Я победил одно из самых тяжелых чувств, которое принижало меня. Я убежден, что смерть уже не властна надо мной. Я никогда не умру!"
Горелкин не знал, можно ли говорить об этом. Об этом не говорят на собраниях. Об этом думают про себя. Если он так выступит, его засмеют. Поэтому он только сказал:
- Товарищи, вчера я дал слово Карташову уплатить членский взнос за сентябрь... Он не может теперь проверить, сдержал ли я свое слово, Я заверяю комсомольское собрание, что больше никогда не допущу подобной халатности...
Как ни торопился Харитонов, он не сразу ушел с собрания.
В запасном полку произошло событие, подкрепляющее его замысел. Ключ к этому событию был здесь, на этом собрании. Он попросил слова.
- Комсомольцы! - сказал он. - Вы хорошо сражались, ваше собрание убеждает меня, что вы можете и будете воевать лучше. Сержанта Карташова представляю к званию Героя Советского Союза. Всем вам объявляю благодарность!
Он выдержал небольшую паузу.
- Среди вас есть люди, которые в этом бою покончили с поклонной неделей, то есть такой, когда солдат каждой пуле кланяется.

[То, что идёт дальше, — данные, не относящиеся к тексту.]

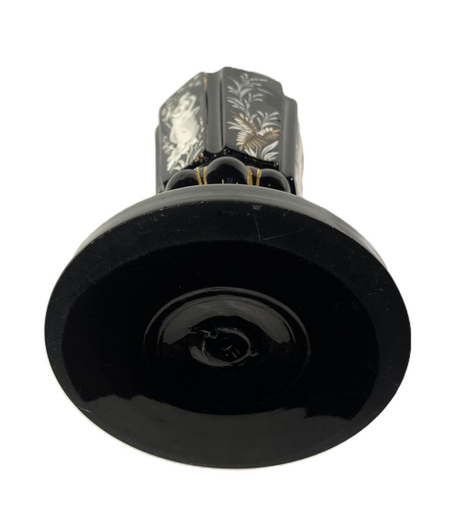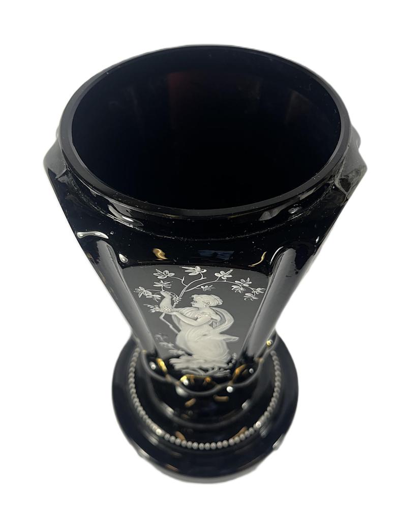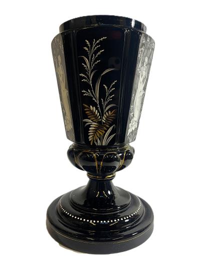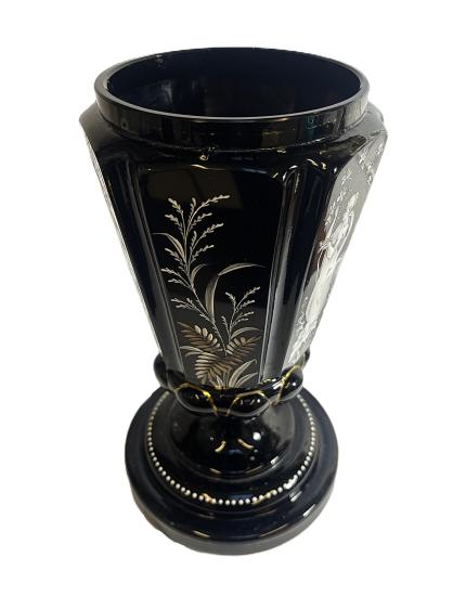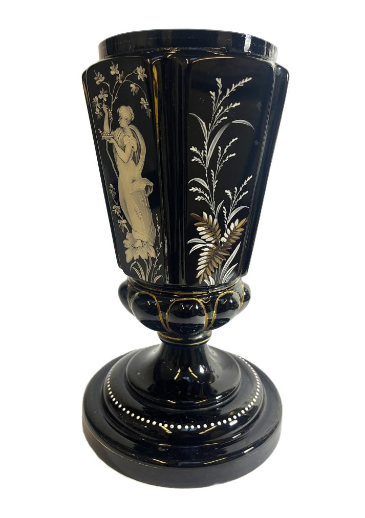 Starožitná váza z opakního, temně fialového skla, které působí skoro až černé. Ručně malovaná bílou barvou se zlatými detaily, na některých místech je zlatá barva ošoupaná nebo úplně chybí. Váza na výšku měří 27,5 cm, průměr hrdla je 11,5 cm. Průměr podstavy je 16,5 cm. Vnější hrana podstavy má drobné oťuky, jinak v dobrém stavu. Neznačeno.

Комсомольцы, подавив улыбки, одобрительно переглянулись.
- И есть такие, - продолжал он, - которые покончили уже с другой крайностью: когда солдату кажется, что он неуязвим для пуль. Воин идет на войну не для того, чтобы решать внутренние вопросы страха и бесстрашия. Он идет защищать Родину. Об этом и должен думать. Природа тебе дала только одну пару рук, одну голову, одно сердце. Их не сменяешь ни на каком складе, к ним запасных частей нет. Ты не имеешь права без особой надобности приводить их в негодность...
Харитонов говорил это взволнованным голосом. Затем он уже совершенно другим, официальным тоном сказал, обращаясь к Синельникову:
- Прошу продолжать! К сожалению, должен вас покинуть...
Володя Ильин не ожидал, что ему придется переводить допрос пленных в присутствии командующего армией. Генерал, который остановил колонну и с первой встречи так полюбился Володе, теперь сидел в штабе полка, в той самой хате, в которой Володя был с Шиковым. Конвоир ввел пленного. Это был высокий, длиннолицый офицер, старавшийся держаться так, как если бы с ним произошло досадное недоразумение. Так чувствует себя веселый путешественник, попавший в дорожную неприятность. Казалось, немец не сомневался в том, что русские придерживаются во всем того же, что и он, мнения и весь допрос делается для того, чтобы доставить удовольствие важному лицу побеседовать с офицером непобедимой армии.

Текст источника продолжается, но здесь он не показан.